That was why, as Brexit unfolded, I had the sense that the legal services profession was probably not going to be harmed by it as much as had been thought. In fact, the legal services profession probably benefited from providing advice to clients on how to deal with Brexit in the short term. Therefore, it was perhaps one of the myths about trade in legal services that there would be a huge interruption as a result of Brexit. There has not really been an interruption, because there is a way around the situation, which is to phone the guy who you know and who you can hire.

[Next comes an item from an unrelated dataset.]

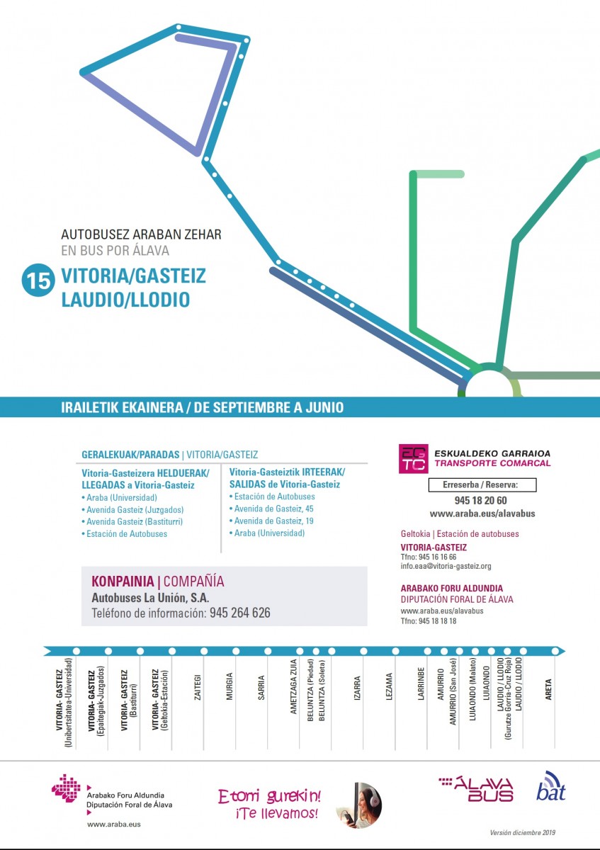 ¡Nuevos horarios en Alavabus desde el 1 de junio!Línea 15 Vitoria-Gasteiz / Llodio Horarios: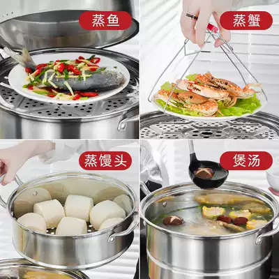 Steamer household full 304 stainless steel thickened 34 double-layer 3o4 two-layer 32cm large 40 steamed steamed bun pot cooking stew

I do not have the statistics at hand, but I would say that the trade in legal services has not dropped significantly. That is not to say that the situation has not affected the livelihood of particular members of the bars of Scotland—I am sure that it has—but, on the macro level, its significance has probably been rather small.

Stephen Kerr

I will reiterate that point. From your point of view—this was also my experience before I became a member of Parliament—in that situation, you would talk to your corporate lawyer, if you had one, who would end up speaking to another lawyer, who would speak to another lawyer in another jurisdiction, and that practice has continued as it did before—Brexit has made no difference to that whatsoever. Is that what you are saying?

Professor Collins

Yes, I would say so.

Therefore, with regard to opportunities for legal services, in the context of us dealing with commercial transactions and contract-related issues, things are pretty much as they were.

Professor Collins

Yes. Adapting to the change was a business cost, and that caused a lot of anxiety in what we could call a transition period, with a small “t” and a small “p”, as opposed to the Brexit transition period. Now that the adaptation process is settling down, I do not think that there will be a massive difference.

Stephen Kerr

I will quickly go back to Dr Marks. You said that solicitors who are based in Scotland and are used to flying in and out have, in the period since Brexit, established a way of working around all this where they need to, whether in relation to visas or whatever, but that there are still things that can be improved.

Dr Marks

I think that that is fair, to a degree, although I would push back slightly on the sense that it has all turned out all right, so to speak. Dr Anderson has clearly outlined some of the things that we have lost from the process.

I think that it is fair to say that a lot of law firms have proved quite adept and nimble at working around some of the problems, and that a lot of the individuals concerned have also proved quite adept and nimble, to some extent at pretty significant financial cost, in that regard.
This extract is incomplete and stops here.